START Exercise data

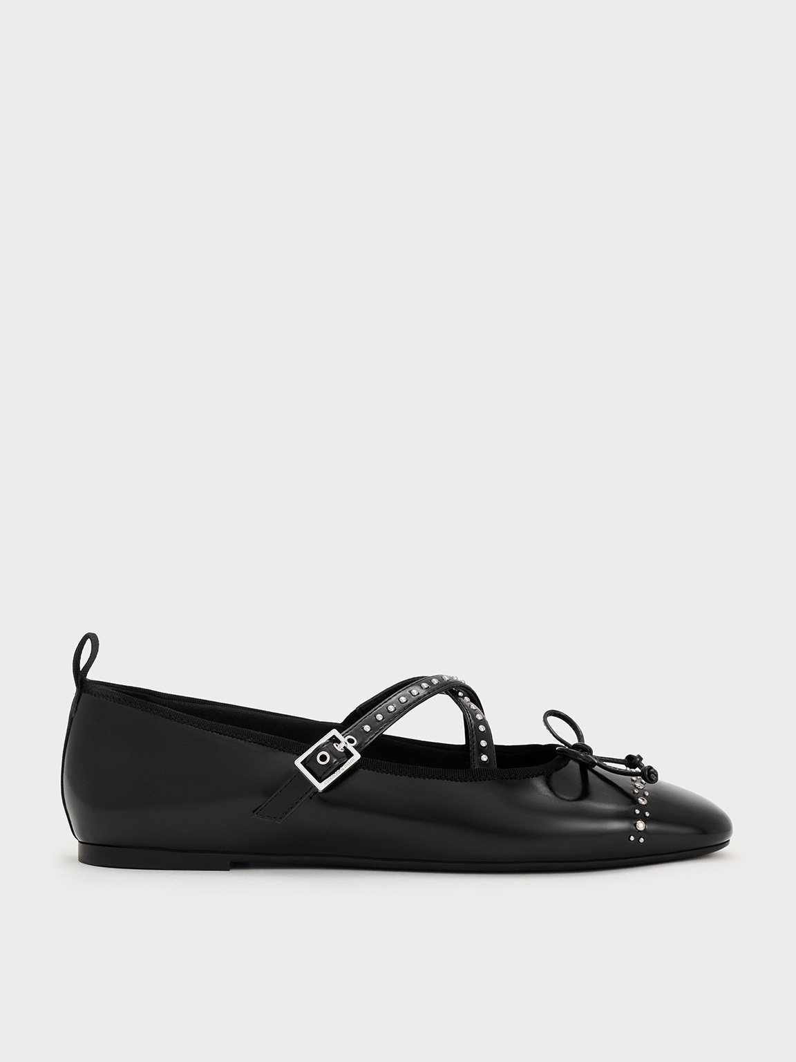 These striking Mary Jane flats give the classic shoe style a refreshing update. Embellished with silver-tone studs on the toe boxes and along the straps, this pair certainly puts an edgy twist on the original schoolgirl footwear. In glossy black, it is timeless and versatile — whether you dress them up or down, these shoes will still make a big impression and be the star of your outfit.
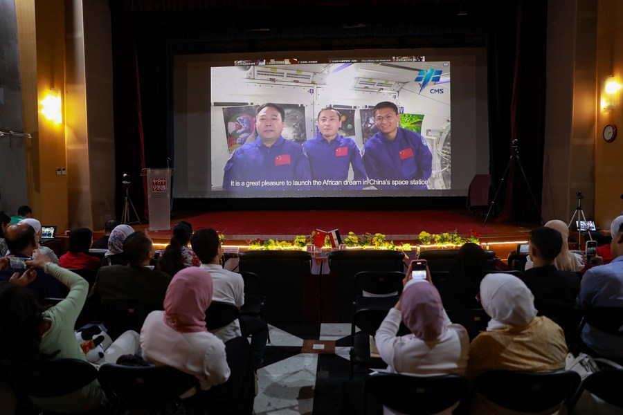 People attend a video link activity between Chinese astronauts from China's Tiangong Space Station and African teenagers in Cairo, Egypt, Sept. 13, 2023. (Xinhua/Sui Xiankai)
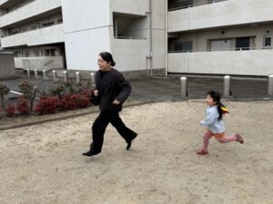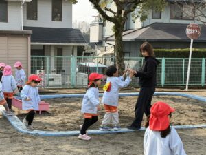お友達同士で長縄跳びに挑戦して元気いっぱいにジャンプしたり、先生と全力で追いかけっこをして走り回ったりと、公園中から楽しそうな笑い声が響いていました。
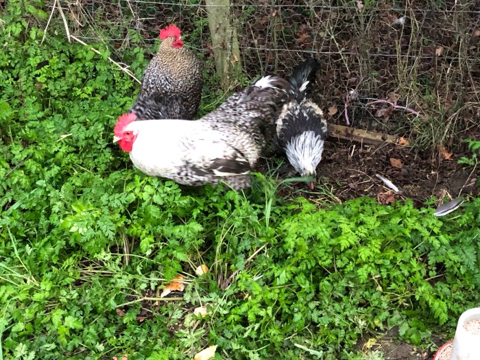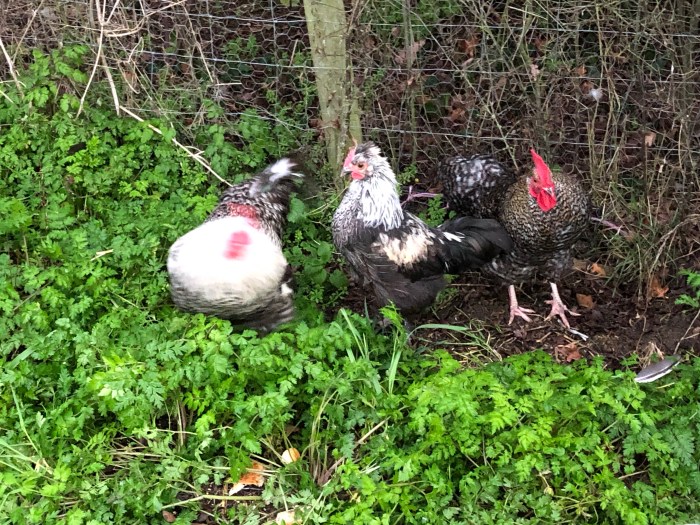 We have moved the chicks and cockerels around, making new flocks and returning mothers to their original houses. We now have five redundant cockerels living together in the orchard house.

END Exercise data
START Exercise data

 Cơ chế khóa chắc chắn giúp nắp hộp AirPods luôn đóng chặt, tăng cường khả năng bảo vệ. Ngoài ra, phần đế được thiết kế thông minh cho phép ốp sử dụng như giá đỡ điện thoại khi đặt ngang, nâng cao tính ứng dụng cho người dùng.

END Exercise data

* **What the task asks**: "These striking Mary" marks the first line to copy, and "We have moved" marks the last. Repeat that stretch above exactly, with no pictures.

* **Task answer**:
 These striking Mary Jane flats give the classic shoe style a refreshing update. Embellished with silver-tone studs on the toe boxes and along the straps, this pair certainly puts an edgy twist on the original schoolgirl footwear. In glossy black, it is timeless and versatile — whether you dress them up or down, these shoes will still make a big impression and be the star of your outfit.
 People attend a video link activity between Chinese astronauts from China's Tiangong Space Station and African teenagers in Cairo, Egypt, Sept. 13, 2023. (Xinhua/Sui Xiankai)
お友達同士で長縄跳びに挑戦して元気いっぱいにジャンプしたり、先生と全力で追いかけっこをして走り回ったりと、公園中から楽しそうな笑い声が響いていました。
 We have moved the chicks and cockerels around, making new flocks and returning mothers to their original houses. We now have five redundant cockerels living together in the orchard house.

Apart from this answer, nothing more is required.